Wednesday, February 3, 2016

Shameless Self-Promotion

NOTE: I am going back and trying to fix all current articles, to (1) add labels on the topic of each essay, (2) fix all links so they point to copies of essays on this blog, or, for external articles, point to working copies or if possible and (3) copying to this blog any cited essays which are not presently on the blog. In the future I intend to go back and copy over all the remaining articles from Random Notes (I already did this for the much smaller blogs "Examining the War on Drugs" and "Nation of Whiners") to this blog, but for now I am limiting myself to essays cited in this blog. Hopefully I shall be able to do this in a week or so, and all current essays will have working links and labels before mid February. (This specific essay was cited in "Who Will Decide".)

My wife mentioned an article in the daily paper where it was mentioned that historically, when dialysis was first developed that panels decided who would and would not receive dialysis. I suppose the point being that we should not balk at the government deciding what care we can get, after all, doctors did it before.

My counter argument is simple. There is a limit on how much care can be provided due primarily to a limited number of resources. As the limit on resources is due to the amount of money we are willing to invest, why not make services available to those who will pay for them? At first the rich, and those who have charity funds, will get better services, but their funds will cause society to commit more resources (mostly to earn more profits) and costs will come down. As with cars, VCRs and computers, the cost of medical miracles will get cheaper and cheaper. We did not need government panels to decide who would get a car, a personal computer or a DVD player, and now almost everyone can afford any of the above.

Even areas in which we have hard limits, a free market could help. Such as organ transplants. I discussed the benefits of free market in organs in "Organ Donation" and "Envy Kills", so I won't go into that again, but I would point out that a free market would not only make more organs available, but if enough money is committed, likely new technologies will develop, whether allowing one liver to go to multiple donors, or artificial organs to replace organic organs.
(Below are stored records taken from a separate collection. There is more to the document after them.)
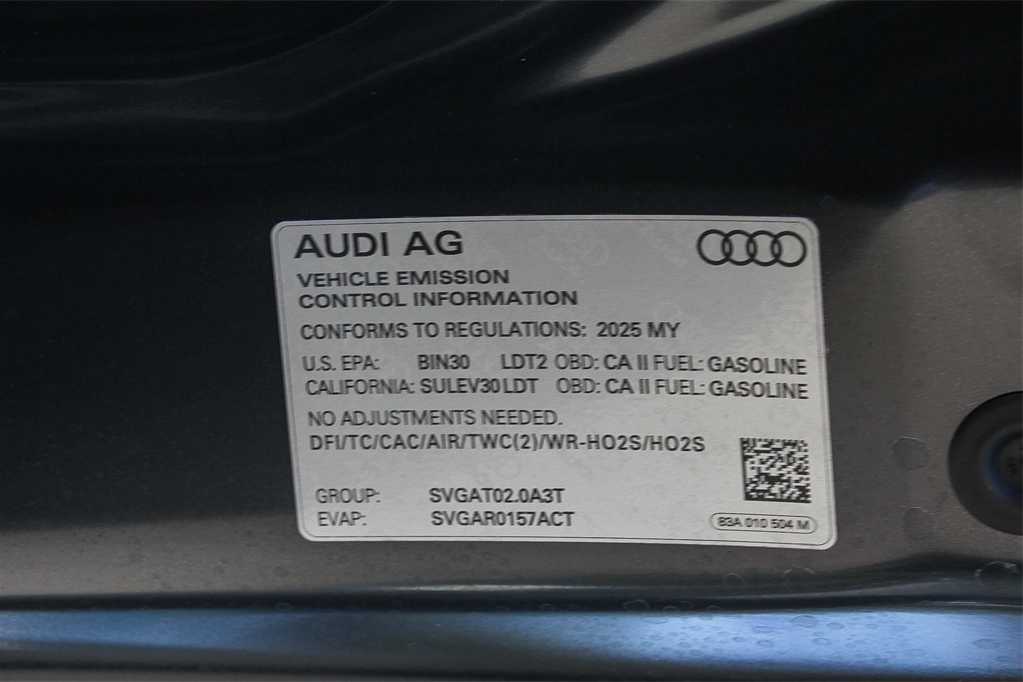 PREMIUM PLUS PACKAGE SONOS Premium Sound System w/3D Sound, Convenience Package, Auto-Dimming Power-Folding Exterior Mirrors, memory, Wireless Phone Charging Pad, Garage Door Opener (HomeLink), Via rearview mirror, LED Interior Lighting Package, Alarm w/Motion Sensor, SiriusXM w/360L (3 Months Trial), Driver Seat Memory, Auto-Dimming Rearview Mirror, Audi Advanced Key, hands-free power tailgate, LED Interior Lighting Plus Package, Top View Camera System, BLACK OPTIC PLUS PACKAGE Tires: 255/45R19 104V XL All-Season, Carbon Inlays, Black Exterior Mirrors, Sport Front Bucket Seats w/S Embossing, Audi sport stitching, Dinamica Upper Inlay & Door Armrests in Steel Gray, Black Exterior Trim & Badges, Wheels: 19 7-Spoke-Rotor-Design, anthracite black finish, Stainless Steel Pedal Caps, Black Roof Rails. Rear Spoiler, MP3 Player, Sunroof, All Wheel Drive, Onboard Communications System, Chrome Wheels, Privacy Glass.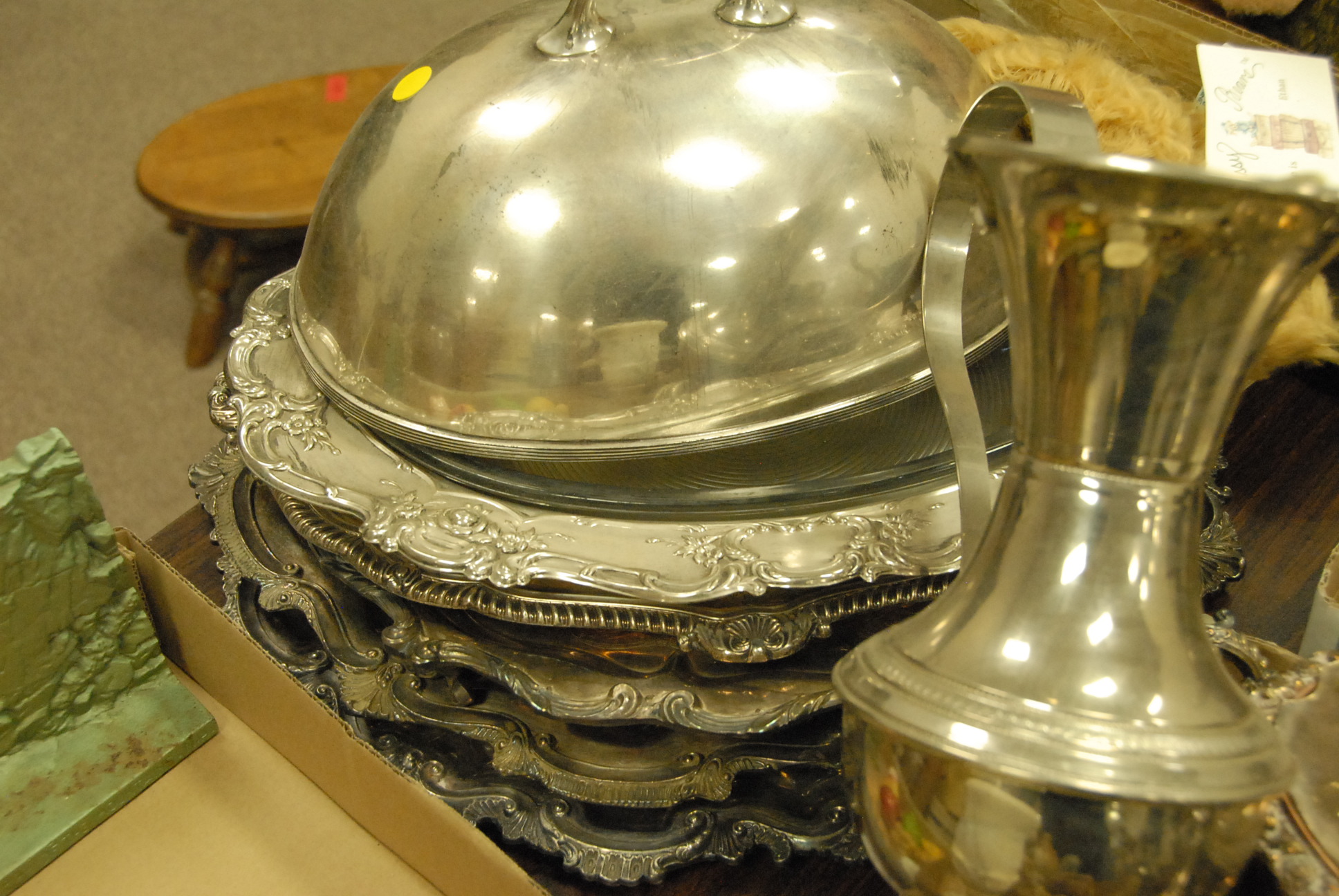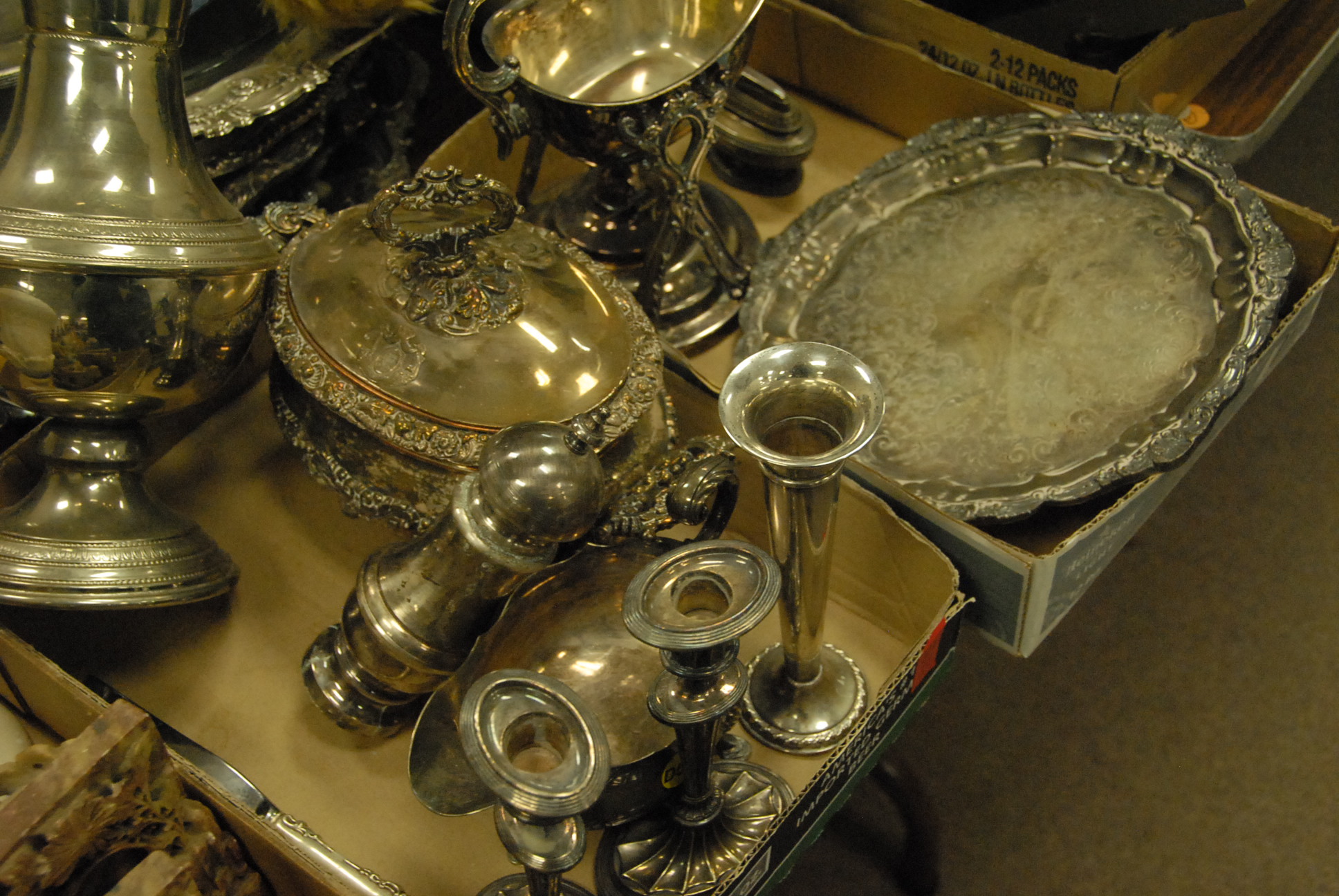 Three lots of silver plate to include a covered tureen, candlesticks, pitchers, trays, and miscellaneous
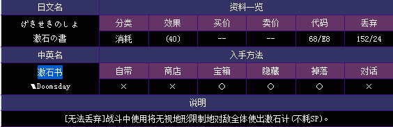 22、激石书,[无法丢弃]战斗中使用将无视地形限制地对敌全体使出激石计(不耗SP)。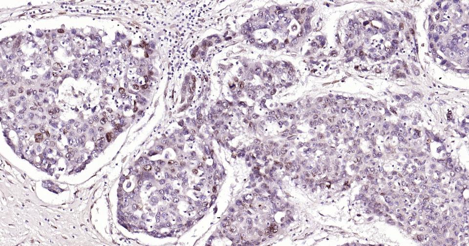 Paraformaldehyde-fixed, paraffin embedded Human Liver Cancer; Antigen retrieval by boiling in sodium citrate buffer (pH6.0) for 15 min; Antibody incubation with E2F1 Monoclonal Antibody, Unconjugated(bsm-61369R) at 1:200 overnight at 4°C, followed by conjugation to the SP Kit (Rabbit, SP-0023)and DAB (C-0010) staining.

I know it is unthinkable to some to "put a price on health", but by allowing the market to work, we get the best care, get a realistic assessment of the value people put on various services, get the best services and the best research funding. So, yes, it means the rich get better care than the poor, but everyone gets better care overall.

And that is the choice. Do you prefer a system where everyone gets better care, but the rich can afford better care, or a system where everyone gets worse care, but you all get the same? Sadly, many envious individuals push for the latter. Though they hide their envy with talk of "fairness".


I covered similar ground, how government intervention prevents prices from declining, in "Government Efficiency", "High Cost of Medical Care" and "Clarification of My Argument for a Free Market in Medicine".

Actually, there is another argument many miss. Someone will always decide who gets access to limited resources. The question is whether the government decides or you bid for it. The one difference is if the government decides, it will always be scarce. If we bid for the resource, then the funds will be used to make more resources available. So, allowing the rich to buy more care also makes even more available in the future.


For those confused by the title, I originally intended to do nothing but plug my article on envy, but as I ended up writing more, I suppose it doesn't make sense any longer.

Originally posted in Random Notes on 2009/08/23.